Xaviaer DuRousseau (born January 8, 1997) is an American social media influencer, PragerU host, podcaster, political and social activist and commentator who is known for his transformation from progressive to conservative Republican.

==Early life and education==
DuRousseau was born in Englewood, Chicago in 1997, and grew up in rural Pontiac, Illinois, in a "very left-wing" family that was "broke as hell." He said he built his entire perspective around his racial identity when he was growing up, after encountering some racism from police and classmates in his small, mostly white hometown. He played football, ran track, attended church, and earned co-valedictorian status at his high school. He pushed his university to require students to take ethnic studies courses.

==Political transformation and views==
Between 2018 and 2020 he was advocating for BLM, social issues, and mostly Progressive topics on social media and believed white supremacy was real. In one video he could be seen marching in a BLM parade in around 2020, chanting “George Floyd; Say His Name!” DuRousseau marched in Black Lives Matter protests and voted for Senator Bernie Sanders. In 2020, he was slated to appear on Netflix's The Circle, a reality show in which he would debate conservative contestants and expose their biases. While preparing, he watched videos from right-wing groups and found himself agreeing with their views. He decided he could not champion left-wing politics as planned, and withdrew from the show.

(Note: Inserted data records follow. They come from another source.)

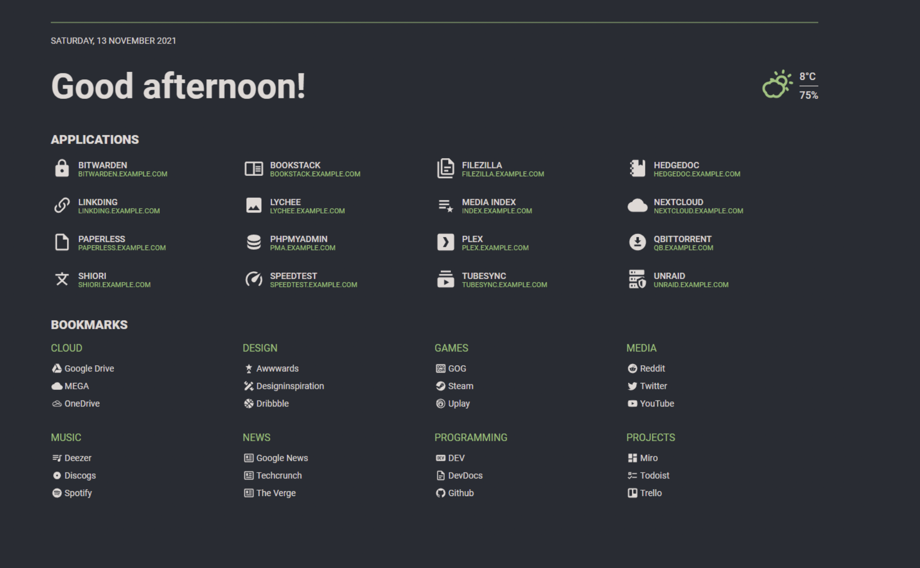 - Personalized Startpage: Flame provides a self-hosted startpage for your server, allowing you to create a personalized hub for all your applications and bookmarks. Its design, inspired by SUI, is easy to navigate and use.
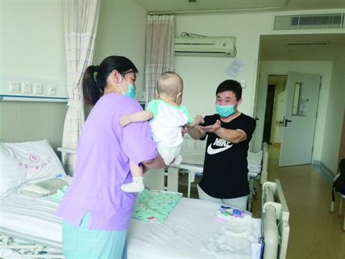 術后澤澤被送到了監護室,“孩兒他媽第二天就去監護室看孩子了,醫生也拿來孩子照片給我看。手術后第二天,孩子的膽紅素一下子降到了接近正常的水平,我特別高興。”亓加衛說,在監護室呆了3天后,澤澤回到了普通病房,和他同住一間病房,他終于可以抱一抱自己親愛的孩子。“當時我就發現,孩子白白胖胖的,不再是那個‘小黃人’了,簡直和之前判若兩人。”亓加衛說,看著眼前的孩子,他簡直不敢相信那是之前一直黃黃的澤澤,這應該就是生命的奇跡吧。
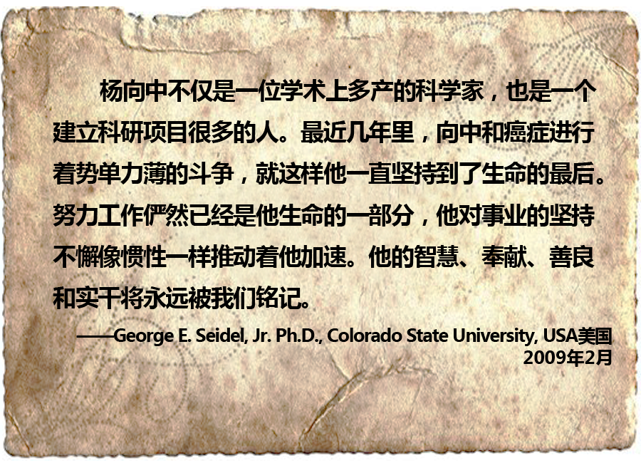 楊向中博士的一生雖然短暫,但是沾溉后人的事跡很多,成就也很多,寫不勝寫。今天,我們僅以這篇小小的微信文章紀(jì)念向中公司的創(chuàng)立者逝世9周年,緬懷之余,也希望不僅有美國人還有更多的中國人記住他的名字——著名華裔科學(xué)家世界“克隆牛之父”楊向中!

He summarized his unplanned turnaround with the line "I accidentally red pilled myself".

DuRousseau told Rolling Stone that he and many other Gen Z members were attracted to the MAGA movement as a form of rebellion after finding the mainstream media corrupt and preachy. He described himself and his cohort as "ideologically pro-life, legislatively pro-choice." He wrote in The Jerusalem Post that Black people were pressured to view Israel as an 'apartheid state', which he called "an easily debunked lie". After visiting ravaged communities like Ofakim and Kfar Aza in the aftermath of the October 7 attacks, he said "It was the first time in my life I feel like I looked evil right in the eye."

==Career==

DuRousseau hosted a children's show for PragerU Kids called "Guess or Mess", and made a series called "Walk with Me". He was invited to the 2024 Republican National Convention to participate in the convention's new content creator program. He serves on the Republican National Committee's youth advisory council.

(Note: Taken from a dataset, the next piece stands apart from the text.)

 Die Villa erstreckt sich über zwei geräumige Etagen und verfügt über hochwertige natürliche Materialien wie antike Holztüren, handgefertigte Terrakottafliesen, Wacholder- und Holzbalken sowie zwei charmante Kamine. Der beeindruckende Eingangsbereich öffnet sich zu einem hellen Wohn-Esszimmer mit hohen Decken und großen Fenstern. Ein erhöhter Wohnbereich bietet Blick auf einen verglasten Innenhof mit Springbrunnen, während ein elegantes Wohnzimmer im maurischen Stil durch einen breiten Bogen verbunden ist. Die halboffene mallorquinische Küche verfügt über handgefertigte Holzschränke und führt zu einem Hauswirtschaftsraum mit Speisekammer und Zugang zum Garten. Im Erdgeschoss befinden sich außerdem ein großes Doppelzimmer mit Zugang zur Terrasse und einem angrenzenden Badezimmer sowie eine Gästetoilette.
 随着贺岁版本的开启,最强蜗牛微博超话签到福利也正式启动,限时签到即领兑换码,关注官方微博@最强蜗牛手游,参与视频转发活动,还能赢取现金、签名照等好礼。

In August 2025, DuRousseau and other American and Israeli social media influencers including Brooke Goldstein and Marwan Jaber went on a paid trip to Israel sponsored by the diaspora affairs ministry to film and share content from the distribution sites. According to Haaretz, the aim of the campaign was "part of the fight against Hamas’ campaign to discredit (Israel)". DuRousseau wrote on Twitter, stating, "There is enough food at this aid base to feed every person in Gaza for at least a week, but the UN, Hamas, etc refuse to distribute the food efficiently. Instead, it sits here to spoil and be stolen. How's that Israel's fault?"

DuRousseau called Beyoncé's fans "domestic terrorists" and described Vice President Kamala Harris as "desperate" during her 2024 presidential campaign. He said he was still a Beyoncé fan, but believed the star should avoid commenting on politics.

After wearing a shirt that said "Make Gaza Jewish again", he said he was not calling for "harm, exile, or hatred for anyone in Gaza", but rather for dismantling the "terrorist regime" in Gaza.

In 2025, DuRousseau was included in The Hollywood Reporters "Creator A-List: The 50 Hottest Influencers on the Planet."